BEGIN

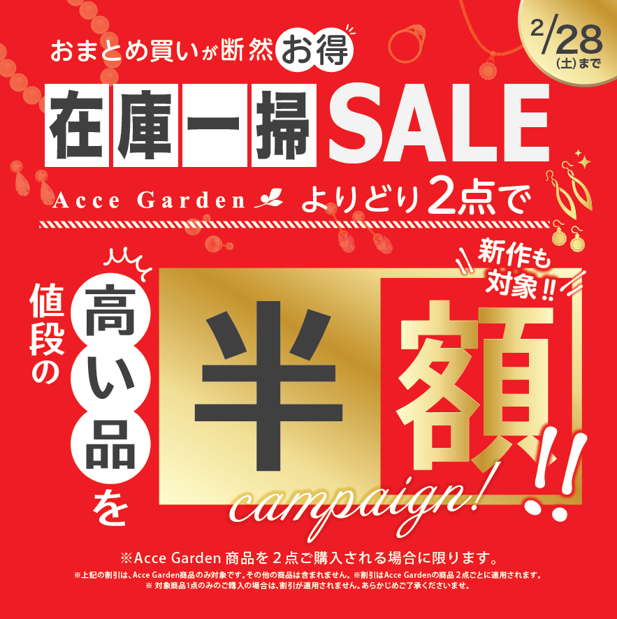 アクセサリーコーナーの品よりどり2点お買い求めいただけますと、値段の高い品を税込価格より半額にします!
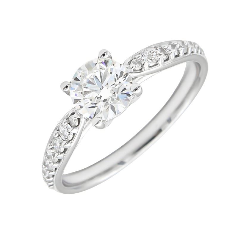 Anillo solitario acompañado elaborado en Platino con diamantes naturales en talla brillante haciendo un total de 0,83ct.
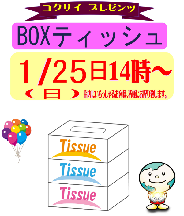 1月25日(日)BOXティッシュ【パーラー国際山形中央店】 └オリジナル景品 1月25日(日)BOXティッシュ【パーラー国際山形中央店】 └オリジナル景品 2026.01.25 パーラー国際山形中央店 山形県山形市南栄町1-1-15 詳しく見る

END

THE PROBLEM: From the first line to the last, copy the listing above exactly, dropping all images.

THE ANSWER:
 アクセサリーコーナーの品よりどり2点お買い求めいただけますと、値段の高い品を税込価格より半額にします!
 Anillo solitario acompañado elaborado en Platino con diamantes naturales en talla brillante haciendo un total de 0,83ct.
 1月25日(日)BOXティッシュ【パーラー国際山形中央店】 └オリジナル景品 1月25日(日)BOXティッシュ【パーラー国際山形中央店】 └オリジナル景品 2026.01.25 パーラー国際山形中央店 山形県山形市南栄町1-1-15 詳しく見る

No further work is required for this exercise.